Comment 5 for bug 1494155

Revision history for this message
Tynach (tynach2) wrote :

Nowhere in either the parent post, nor in the comments, is 'bang for the buck' even talked about. The entire thing seems to be about choosing a higher quality default sampling method due to the availability of faster CPUs. In fact, libsamplerate is never mentioned by name, and src-sinc-.* are only mentioned by listing them with a few others and deeming them 'indistinguishable'.

HOWEVER, in the comments they *do* mention that upsampling causes more distortion than downsampling, and that sampling rates further apart cause more than sampling rates closer together. This isn't terribly important most of the time, except...

... Pulseaudio only supports configuring two sample rates at a time. So you have a default lower one, and if an audio source has a higher sample rate, it'll be upsampled to the alternative, higher sample rate.
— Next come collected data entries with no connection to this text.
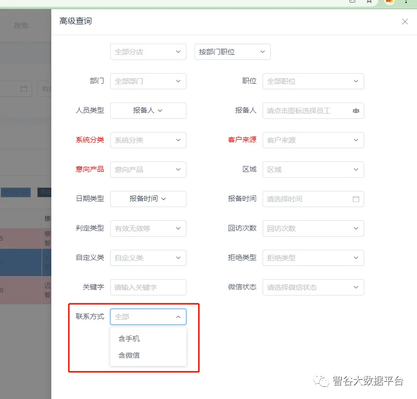 3.客资列表高级查询新增‘联系方式’查询,可选择‘有手机’或‘有微信’联系方式查询客资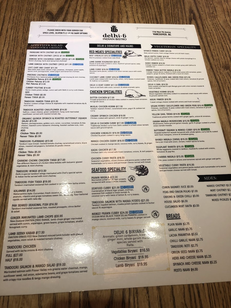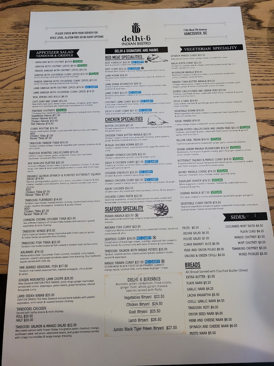 Welcome to Delhi-6 Indian Bistro, your go-to destination for authentic Indian cuisine in the heart of Vancouver. Nestled at 1766 W 7th Ave, this charming bistro offers a delightful culinary experience that transports you straight to the vibrant streets of Delhi.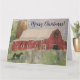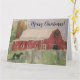 Cartão de cartões de natal de Natal com celeiro vermelho e cavalo desejando um país no ano novo - personalize seu estilo e nome personalizado e detalhes com memorável pintura de fazenda impressionista da artista rural Sophie Dare.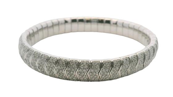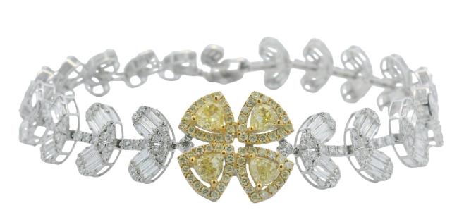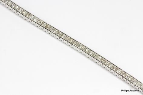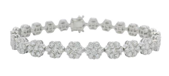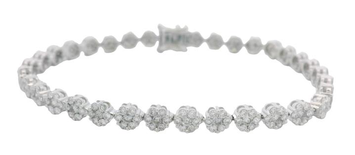 AN 18CT WHITE GOLD ROUND DAISY FLORAL DIAMOND CLUSTER LINE BRACELET TOTALLING 7.78CT, 18.6GR

So what if your alternative sample rate is much higher? I have a sound card that supports 192000, what if I'm curious what that sounds like? I have a fairly fast CPU (i7-4790K with hyperthreading disabled so that each core works as fast as possible), and I have that set up as my alternative sampling rate.

But the graphs only test conversion from 44100 to 48000. I have a feeling that the differences will be *much* more noticeable on a setup converting from 48000 to 192000.

But now I can't compare using src-sinc-.* because its been removed. And seemingly with no discussion or reason.